Our last day started with a relatively late breakfast at 7:00am. Thereafter it was back in the boat for the faster downsteam trip back to the "commercial port" and then the 45 minute bus ride back over the same goat track to Puerto Maldonado. After calling in at the office to repack our bags we made it to the airport by 11:00am - just in time for our 1:20pm flight! Still it could have been worse, some in our group were not due to fly out until 3:15pm. And let me tell you, there isn't much to do at the small, regional Puerto Maldonado airport.

We enjoyed our time in the Peruvian rainforest, it was a very interesting place to visit. However we couldn't imagine having to live here, not so much because of the heat and humidity, but because of the need to constantly slather yourself with sunscreen and insect repellent, the latter needing to contain fairly high levels of DEET to be effective here.

Once back on the ground at Cusco we met the Aussie honeymooners who were also heading back to the Amaru lodge, so we shared the taxi booked in our name. The driver seemed to be a bit worried that we would all fit in his car and tried to get a bigger van, but we assured him that we could all fit in the car he had. However, it turned out that space wasn't his primary concern. On one of the steep streets enroute to our hostel the car slowed to a crawl and I seriously thought one of us was going to have to get out and push as the poor little machine appeared on the verge of internally haemorrhaging. However it just managed to get us up the hill and complete the rest of the trip safely.
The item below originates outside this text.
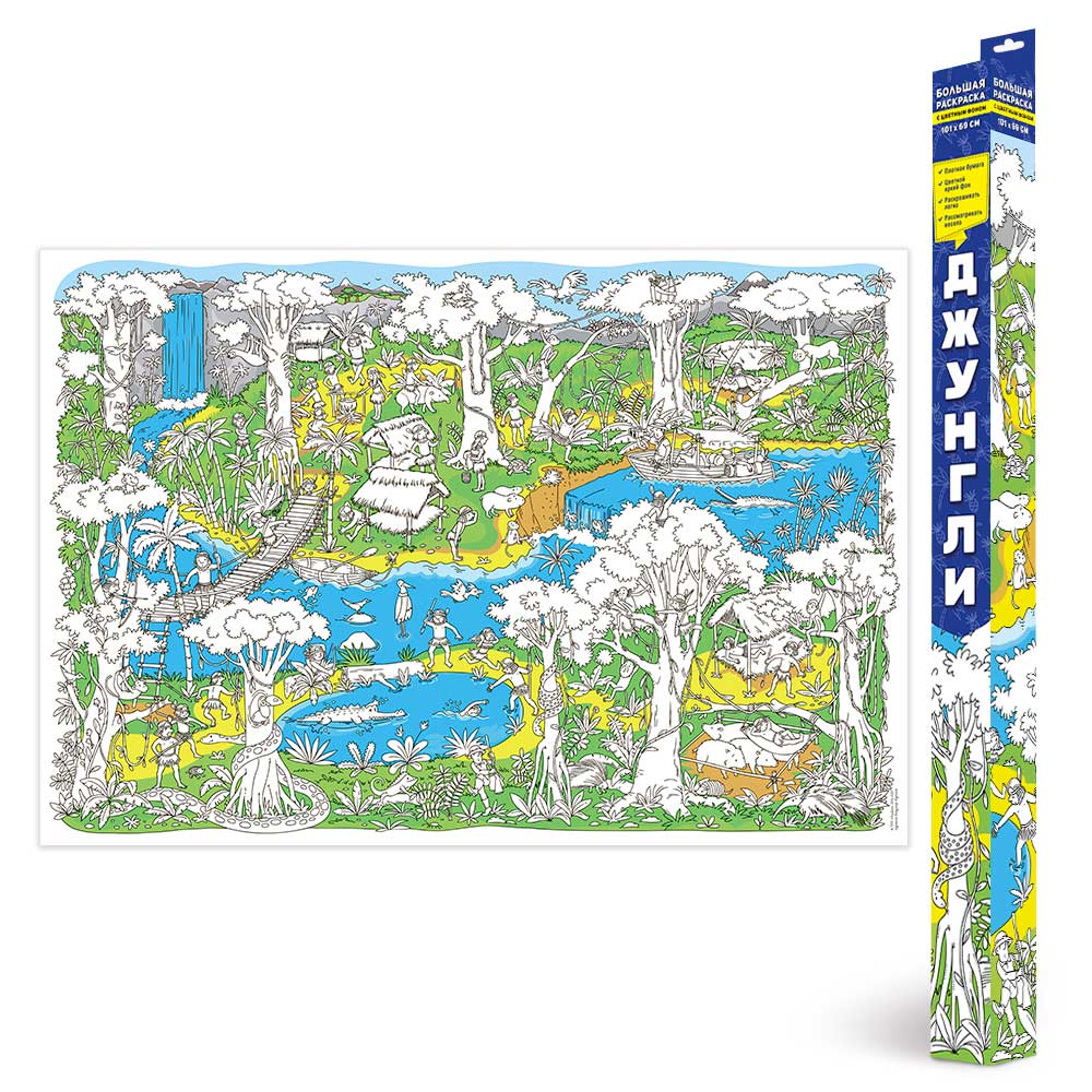 ГеоДом. Большая раскраска. "Джунгли" с цветным фоном 101х69 см.*

After we had checked in I had to unpack our sweaty (and quite frankly, rank) clothes, made so by our jungle hikes. They had just refused to dry in the Amazon humidity so I hung them out the upstairs window of our room to dry - as there was no time to get them washed before our early departure for Puno the next day. At least that enabled us to repack them dry - inside a double layer of plastic bags!

As this evening was my last chance to do so I went out and took some night photos of Cusco, mostly featuring the stonework in the old walls and laneways. Cusco is a nice town and it seems quite safe. There are certainly some places on this trip where I would think twice about venturing out on the streets at night and drawing attention to myself with a tripod and an expensive camera.